_Problem to solve_: Only the lines from the "Diese Dreizimmerwohnung besteht" line through the last line of the material below belong in the answer, reproduced exactly and with no pictures.

_Information supplied_:
>>>>

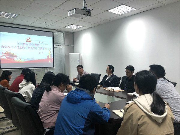 为扎实推进“不忘初心、牢记使命”主题教育活动,同时庆祝中华人民共和国成立70周年,2019年10月15日下午,麻豆传媒 材料化学党支部开展了“不忘初心、牢记使命”主题系列的党课教育活动,支部书记苏邵同志为全体支部党员同志上了一堂生动的党课《“不忘初心、牢记使命”——为实现中华民族伟大复兴的中国梦不懈奋斗》。
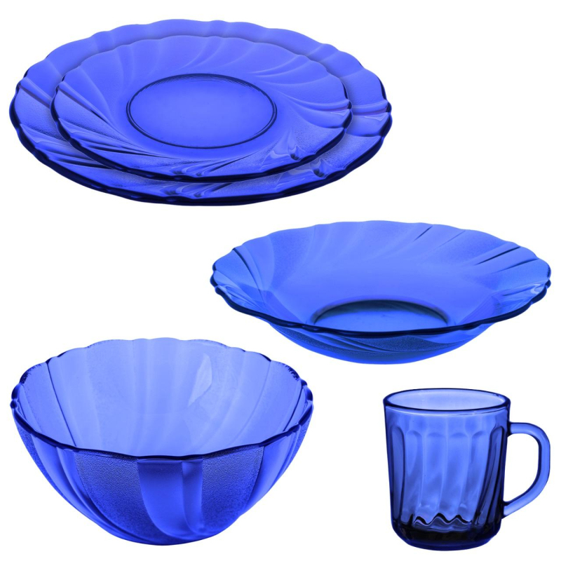 Набор столовой посуды 25 предметов Sea Brim Saphir Комплектация: - Тарелка десертная, диаметр 17 см - 6 шт; - Тарелка плоская, диаметр 21см - 6 шт; - Тарелка глубокая, диаметр 20 см - 6 шт; - Кружка, объем 250 мл - 6 шт; - Салатник высокий, диаметр 18 см - 1 шт. Посуда устойчива к перепадам температуры, ее можно использовать в микроволновой печи (СВЧ) и посудомоечной машине.
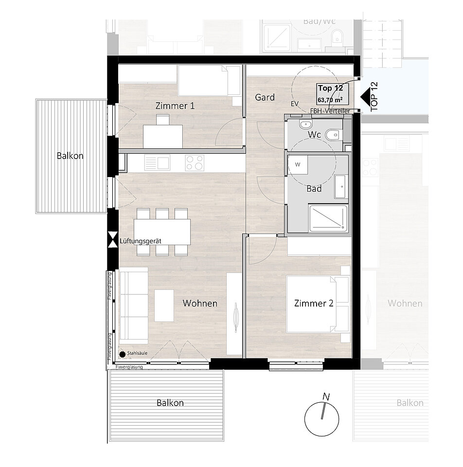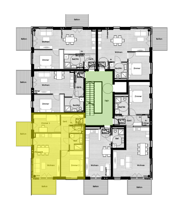Diese Dreizimmerwohnung besteht aus einer geräumigen Wohnküche, zwei Schlafzimmern, einem Badezimmer und einem WC. Zwei Balkone vervollständigen die Wohnung. Ein Keller im Untergeschoss ist ebenfalls im Preis inbegriffen. Stellplätze in der Tiefgarage sind ab 25.680 € erhältlich. Die angegebenen Preise sind für Anleger und verstehen sich zuzüglich Umsatzsteuer. Preise für Eigennutzer auf Anfrage.
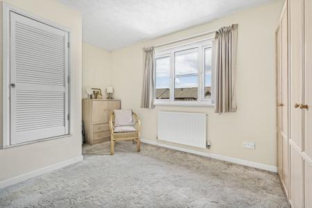 Double glazed window to front with fitted blind, over stairs cupboard housing Worcester gas fired central heating boiler, radiator.

<<<<

_Answer section_:
Diese Dreizimmerwohnung besteht aus einer geräumigen Wohnküche, zwei Schlafzimmern, einem Badezimmer und einem WC. Zwei Balkone vervollständigen die Wohnung. Ein Keller im Untergeschoss ist ebenfalls im Preis inbegriffen. Stellplätze in der Tiefgarage sind ab 25.680 € erhältlich. Die angegebenen Preise sind für Anleger und verstehen sich zuzüglich Umsatzsteuer. Preise für Eigennutzer auf Anfrage.
 Double glazed window to front with fitted blind, over stairs cupboard housing Worcester gas fired central heating boiler, radiator.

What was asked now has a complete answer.